Autor: Sean Thompson, presidente y director de operaciones de NAVEX

Fuente: Forbes

Una cultura corporativa positiva es una de las ventajas competitivas más importantes que puede tener una empresa. Una cultura sólida no solo promueve un mejor desempeño y compromiso de los empleados, sino que también sienta las bases para un programa de cumplimiento más sólido, un pilar clave para un negocio saludable y bien administrado.

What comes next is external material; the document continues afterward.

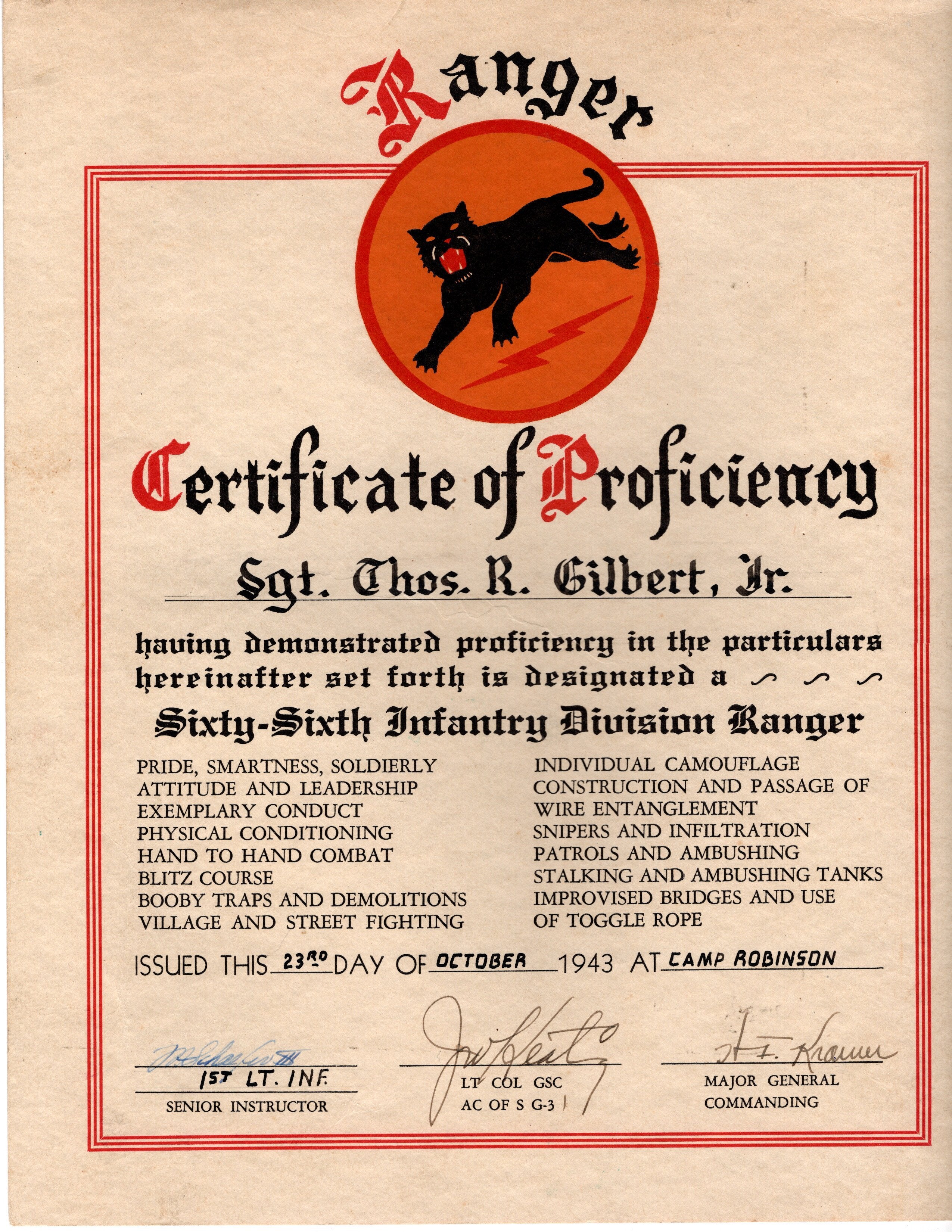 - Original Ranger Certificate of Proficiency named to Sgt. Thos. R. Gilbert. Jr. dated 23rd October 1943 at Camp Robinson.

Por el contrario, las consecuencias de una mala cultura empresarial son una reserva limitada de los mejores talentos y la falta de cumplimiento de las directrices, leyes y reglamentos de la empresa y las normas sociales, lo que aumenta el riesgo empresarial general. Sin embargo, tan solo el 12 % de las organizaciones sienten que están impulsando la “cultura correcta”, una que promueve la comunicación, la inclusión, la capacitación frecuente y altos valores comerciales.

La cultura corporativa es, por lo tanto, una excelente indicación de la solidez del programa de riesgo y cumplimiento de una empresa. Y, a medida que se mejoren ciertos aspectos de la cultura (como la ética), se producirá un menor riesgo y un cumplimiento más estricto. Para tener éxito en esta progresión, las organizaciones deben construir conscientemente el tipo de cultura corporativa que genera cumplimiento.

Aquí hay tres estrategias de alto valor para comenzar a construir una cultura positiva que reduzca el riesgo y ayude a lograr el cumplimiento:

Identificar los elementos de la cultura que son importantes para el riesgo y el cumplimiento.

Los líderes deben identificar qué elementos de su cultura corporativa son los más importantes para ellos y luego asegurarse de que estos elementos se implementen y practiquen en toda la organización. Este es un primer paso natural, ya que sienta las bases de lo que define una cultura fuerte: sus valores.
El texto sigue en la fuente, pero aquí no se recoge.